10 Everyday Sunnahs We Need to Bring Back

10everydaysunnahsFINAL

 

1. Saying Bismillah or Salam When Entering The House

The Messenger of Allah (SAW) said:

“If a person mentions the name of Allah upon entering his house or eating, Satan says, addressing his followers: ‘You will find nowhere to spend the night and no dinner.’ But if he enters without mentioning the Name of Allah, Satan says (to his followers); ‘You have found (a place) to spend the night in, and if he does not mention the Name of Allah at the time of eating, Satan says: ‘You have found (a place) to spend the night in as well as food.”‘ [Muslim]

2. The Right Side Rule

`A’isha relates that the Prophet (SAW) used to like to start with the right side when putting on his sandals, combing his hair, engaging in his ritual purifications, and in all of his activities.
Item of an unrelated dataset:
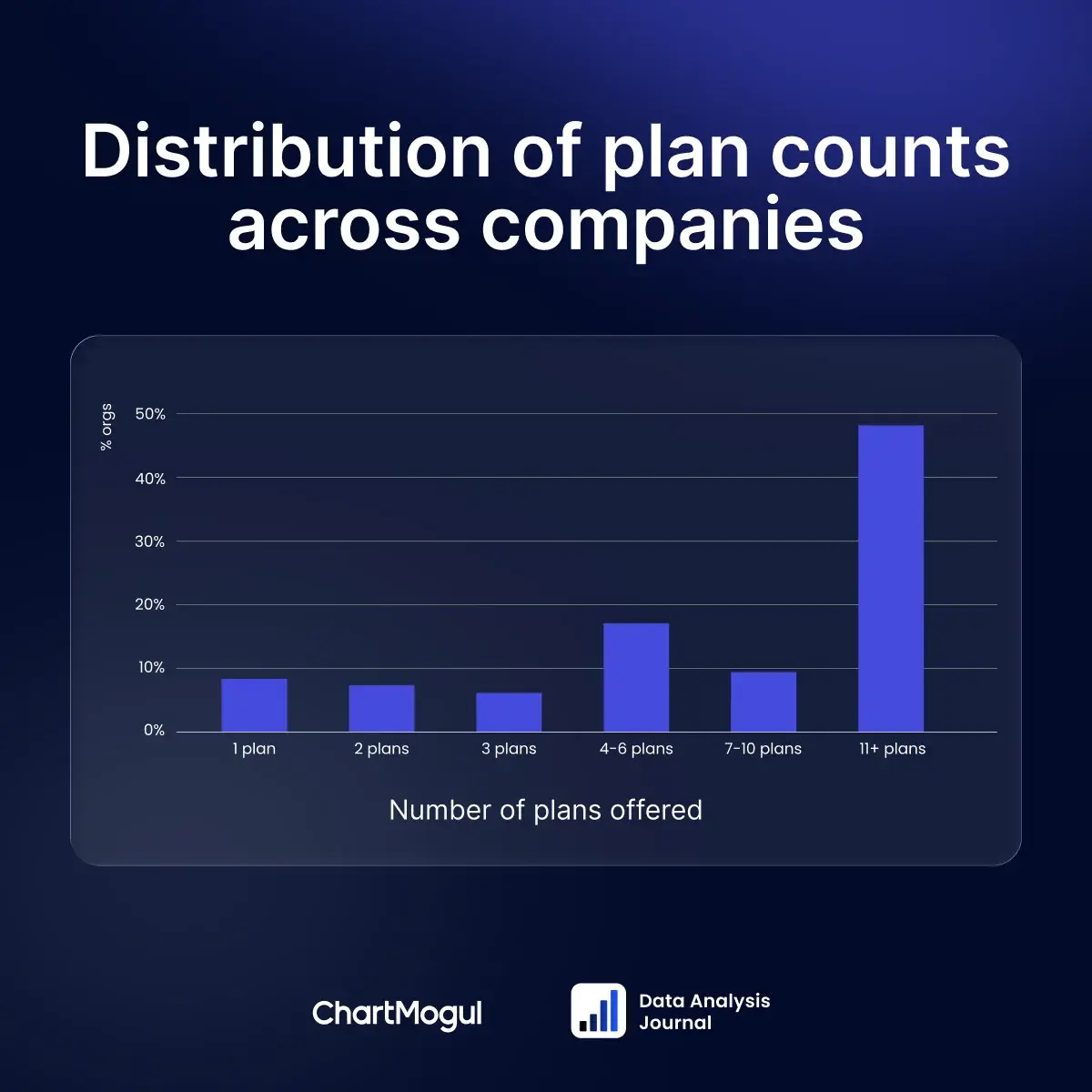 💡Overall, 54% of companies offer 10 or fewer plans, and 46% offer 11 or more plans.

When entering the house, wearing shoes or socks, putting on clothes and other such activities – the sunnah is to start from the right side. And when doing lowly or despicable acts like istinja’, removing clothes, entering the toilet etc – the sunnah is to use or start with the left limb.

3. Eating Less (One-third At Max)

Miqdam bin Madikarib said: “I heard the Messenger of Allah (SAW) say:

‘A human being fills no worse vessel than his stomach. It is sufficient for a human being to eat a few mouthfuls to keep his spine straight. But if he must (fill it), then one third of food, one third for drink and one third for air.’” [Ibn Majah]

4. Musafaha – Shaking Hands

It is sunnah to shake hands with when you meet someone of the same gender. It is one of those remarkable sunnah practices many of us don’t know about, or tend to forget. Science says that a simple touch can lower stress and release oxytocin – bringing about a feeling of trust, connection and other positive vibes. No wonder the Prophet (SAW) practiced this habit and thus left this valuable tradition for the Muslim ummah!

5. Sending Salawaat Upon The Prophet After The Adhan

It is reported that Allah’s Messenger (SAW) said:

“When you hear the Mu’adhdhin, repeat what he says, then invoke a blessing on me, for everyone who invokes a blessing on me will receive ten blessings from Allah.” [Reported by Muslim]

We should recite the durood after the adhaan ends.

6. Taking A Nap At Mid-day

The Messenger of Allah (SAW) said: “Take a nap, for the Shayateen do not take naps.” [At-Tabarani, Al-Sahihah, no. 2647]

A short afternoon nap, known as Qailulah, is a well-known Sunnah of our Prophet (sallallahu ‘alayhi wa sallam). Instead of oversleeping in the morning or napping in the late-afternoon, following this remarkable Sunnah of taking a nap at midday – a time when our bodies and minds just start to get exhausted – would ensure much more efficiency from us and help us avoid a grumpy day.

7. Using Miswak

Ibn Umar (Ra) narrates that the Messenger of Allah (SAW) said: “Make a regular practice of the Miswak, for verily, it is healthy for the mouth and it is a Pleasure for the Creator (i.e. Allah is pleased with the Muslim who uses the Miswaak).” [Bukhari]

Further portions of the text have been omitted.